Study: Social media probably can’t be fixed
-
This post did not contain any content.
Can't?
I'm on Lemmy, am I not?
It CAN be fixed, the question if the will is there. We need to inform and teach more people
-
This post did not contain any content.
The study is based on having LLMs decide to amplify one of the top ten posts on their timeline or share a news headline. LLMs aren't people, and the authors have not convinced me that they will behave like people in this context.
The behavioral options are restricted to posting news headlines, reposting news headlines, or being passive. There's no option to create original content, and no interventions centered on discouraging reposting. Facebook has experimented with limits to reposting and found such limits discouraged the spread of divisive content and misinformation.
I mostly use social media to share pictures of birds.
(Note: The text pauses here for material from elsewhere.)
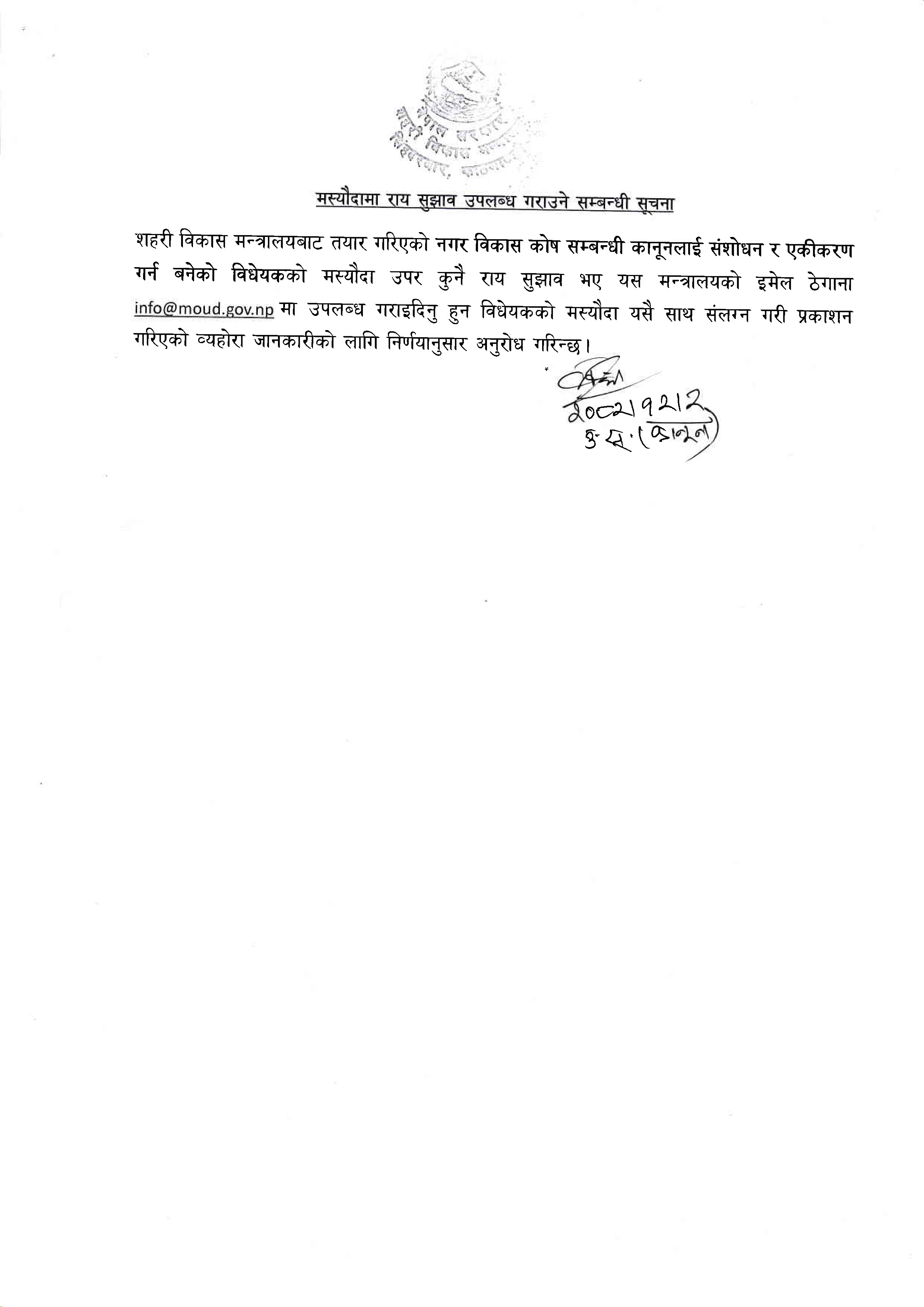 नगर विकास कोष सम्बन्धी कानूनलाई संशोधन र एकीकरण गर्न बनेको विधेयकको मस्यौदामा राय सुझाव उपलब्ध गराउने सम्बन्धी सूचना

This contributes to some of the problems the source article discusses. It causes fragmentation; people who don't like bird photos won't follow me. It leads to disparity of influence; I think I have more followers than the average Mastodon account. I sometimes even amplify conflict.
-
Amazon, Google and Microsoft would still be there, so the Internet seems to be suffering from a metastatic cancer at this point. Cutting off two revolting lumps helps, but the prognosis doesn’t look that great.
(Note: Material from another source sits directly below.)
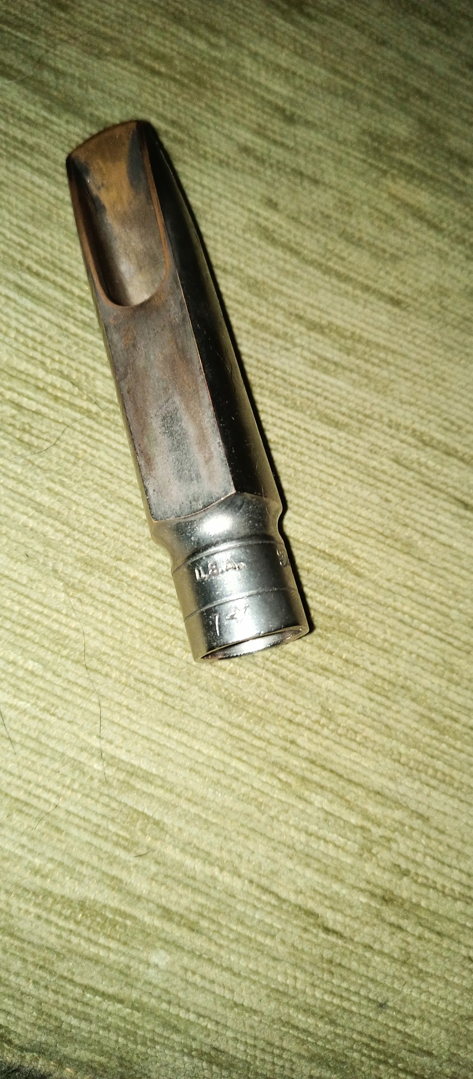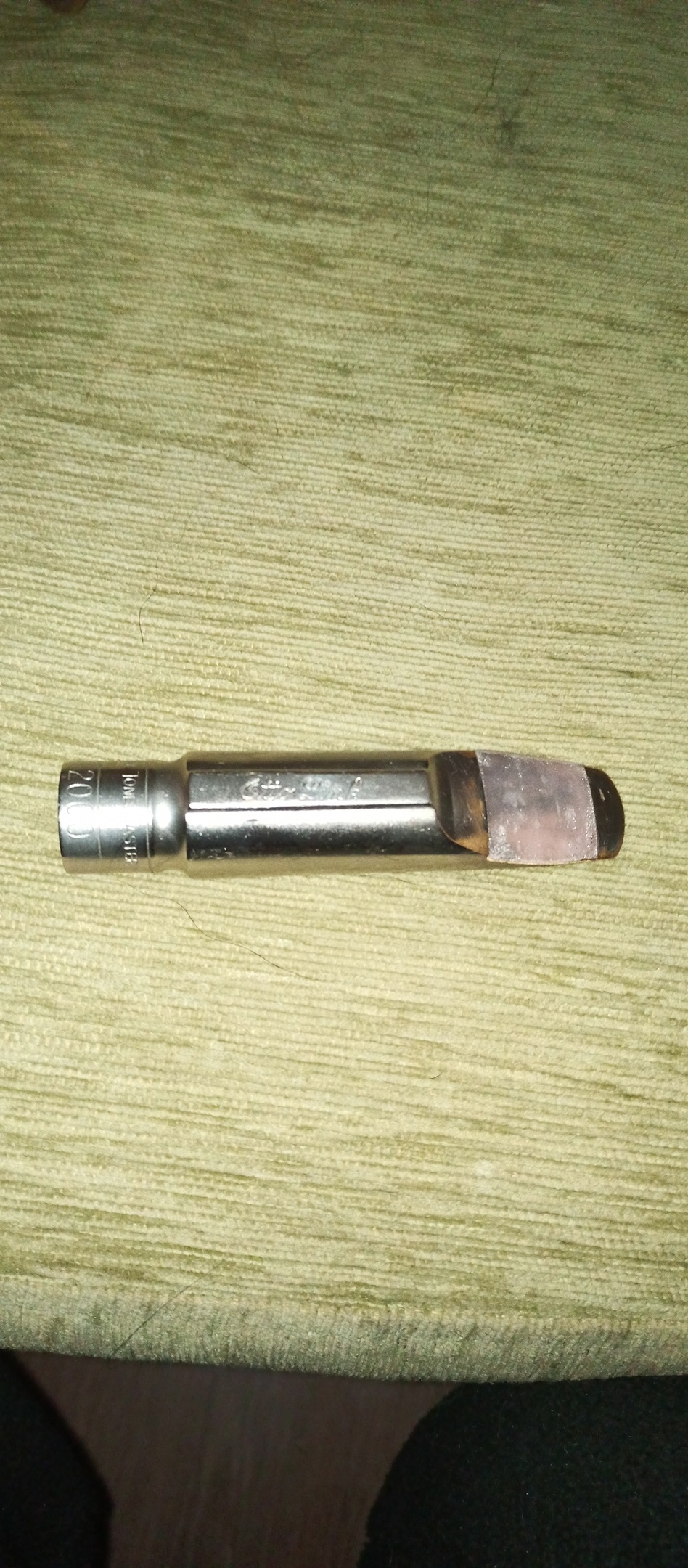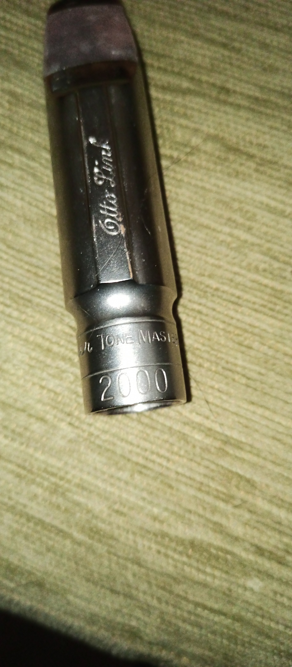 С ним идет мундштук Otto link Millenium. Приобрел я его уже убитый, так что у мастера менял площадку, соответственно, она не оригинальная (и другого цвета), что на качество игры не влияет.

None of those have had much success in creating social networks that suck people in quite like the others
Not to say they don't have their own problems, but the bulk of problems with social media come squarely from meta & twitter.
-
Amazon, Google and Microsoft would still be there, so the Internet seems to be suffering from a metastatic cancer at this point. Cutting off two revolting lumps helps, but the prognosis doesn’t look that great.
There will be a big curtaining of Apple, Microsoft, Google and Adobe if Facebook, TikTok and Twitter (and YouTube) have their algorithmic feeds outlawed.
It would probably cause the AI bubble to burst too so our OSs, Applications and Search Engines (and Government) would become usable again.
-
Can't?
I'm on Lemmy, am I not?
It CAN be fixed, the question if the will is there. We need to inform and teach more people
Right. We fix ourselves first, we are already here and we do not attempt to control others. We make and go our own way every moment.
-
Can't?
I'm on Lemmy, am I not?
It CAN be fixed, the question if the will is there. We need to inform and teach more people
I’m on Lemmy, am I not?
It CAN be fixed, the question if the will is there.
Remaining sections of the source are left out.